Trace Element Water Improves the Antioxidant Activity of Buckwheat

Trace element water improves the antioxidant activity of buckwheat (Fagopyrum esculentum Moench) sprouts.

J Agric Food Chem. 2007 Oct 31;55(22):8934-40

Liu CL, Chen YS, Yang JH, Chiang BH, Hsu CK.

Department of Food Science, Nutrition, and Nutraceutical Biotechnology, Shih Chien University, 70, Ta-chih Street, Taipei 104, Taiwan, ROC.

Buckwheat (Fagopyrum esculentum Moench) was grown in trace element water (TEW) (100, 200, 300, 400, and 500 ppm) and deionized water (DIW) to evaluate whether the beneficial effects of trace elements on the antioxidant activity could be accomplished with the supplement of TEW. At 300 ppm, TEW significantly increased the Cu, Zn, Mn, and Fe contents in buckwheat sprout but not the Se content.

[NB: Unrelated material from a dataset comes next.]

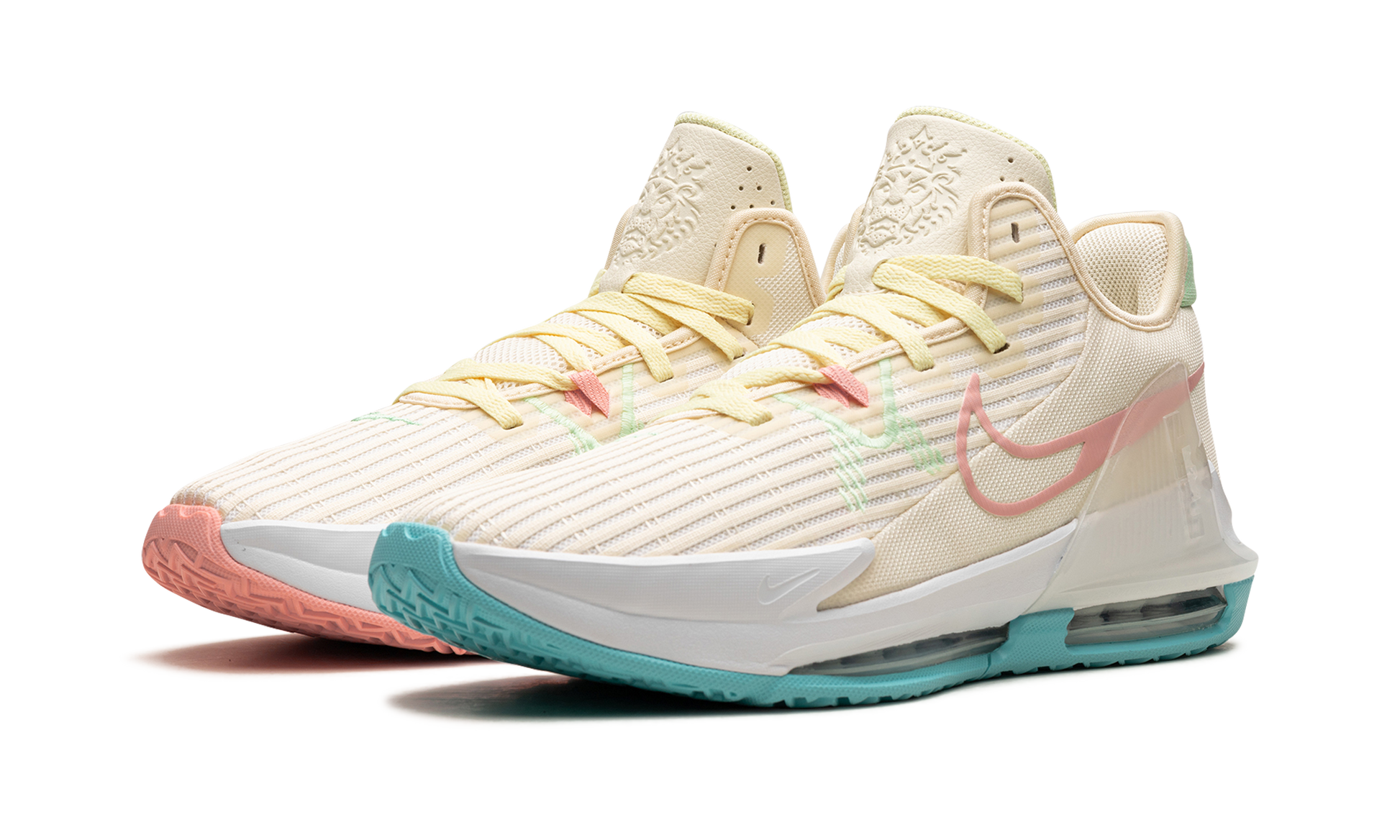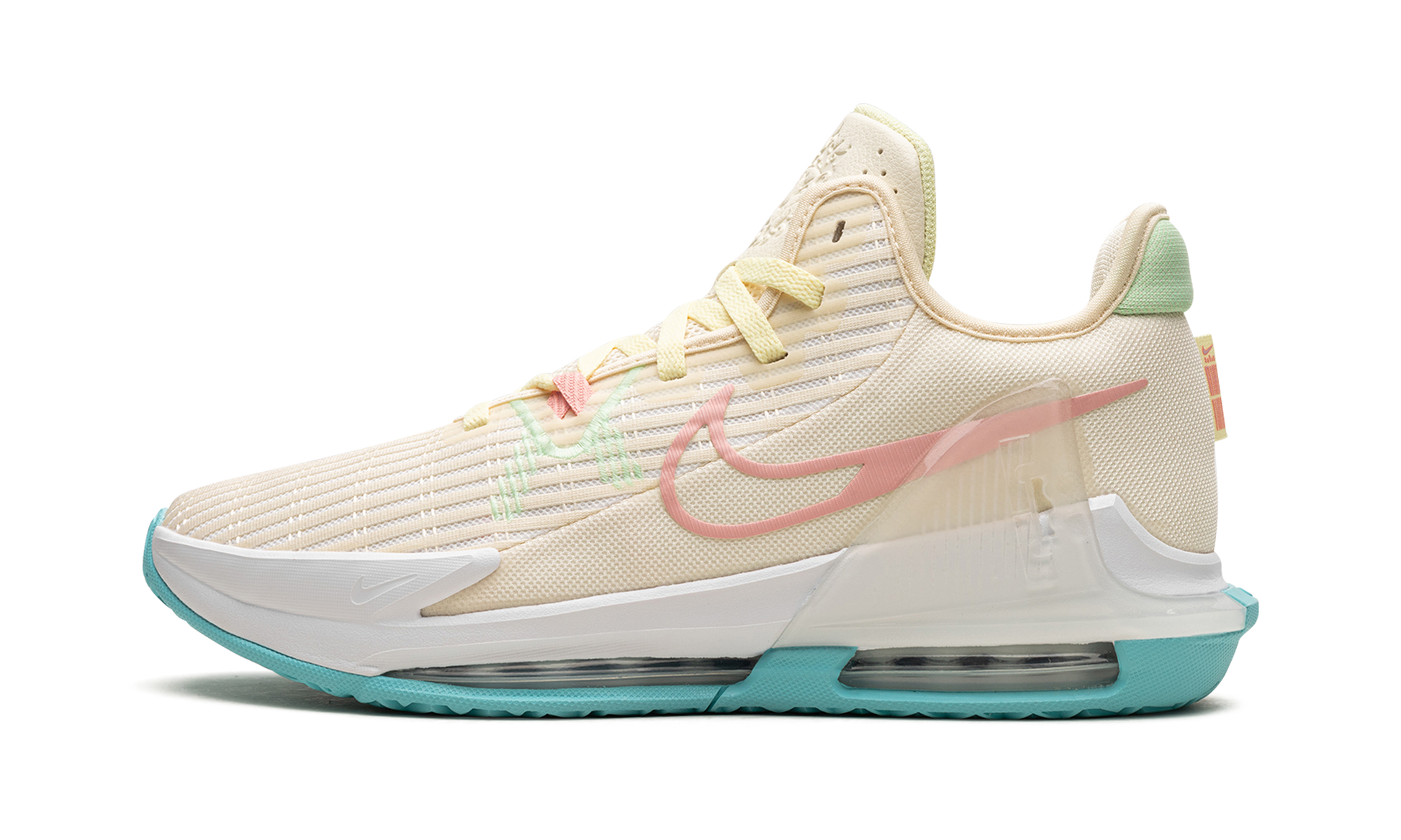 The Nike LeBron Witness 6 “Easterâ€?is a colorway of the alternate version of LeBron James's sixth signature basketball shoe with an Easter-inspired look. The colorway is complete with a yellow ribbed mesh upper that's contrasted with pastel hues throughout the design. A pastel pink outline Swoosh appears on both sides. Pastels in pink and green are incorporated onto different design elements. Underfoot. the white rubber midsole with full-length Air Max cushioning is contrasted with a teal rubber outsole on the left shoe and a pink rubber outsole on the right shoe. Release date: May 1. 2022
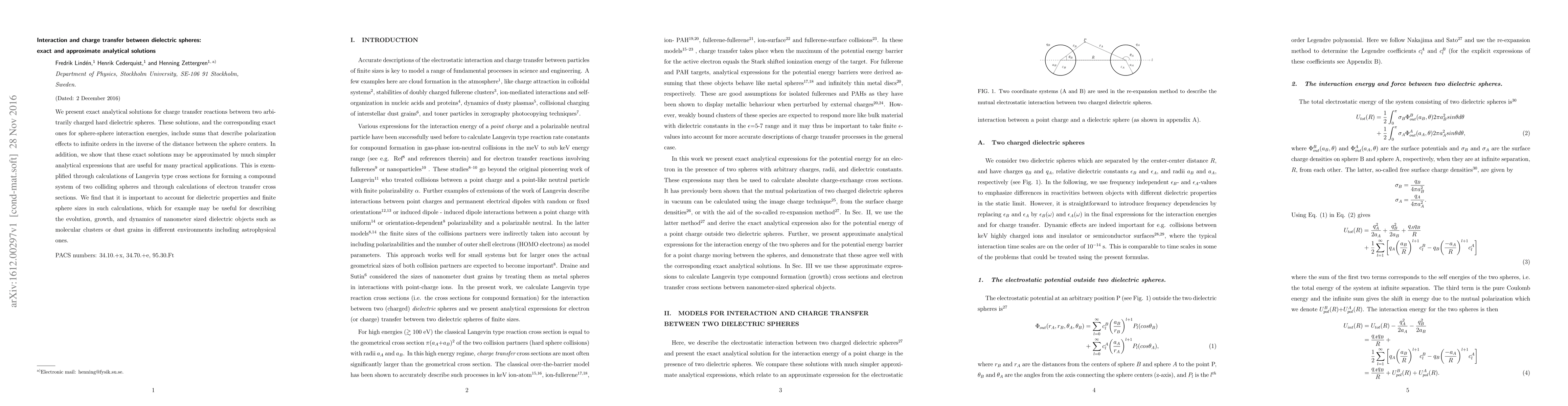 Researchers have developed exact analytical solutions for charge transfer reactions between dielectric spheres, which can accurately describe polarization effects and are useful for studying nanometer-sized objects in various environments.

However, the levels of rutin, isoorientin, vitexin, and isovitexin did not differ between buckwheat sprouts grown in TEW and DIW. The ethanolic extract from buckwheat sprout grown in 300 ppm of TEW showed higher ferrous ion chelating activity and inhibitory activity toward lipid peroxidation than that grown in DIW. The extract in the TEW group also enhanced intracellular superoxide dismutase activity and lowered reactive oxygen species and superoxide anion in the human Hep G2 cell. It was concluded that TEW could increase the antioxidant activities of buckwheat sprouts.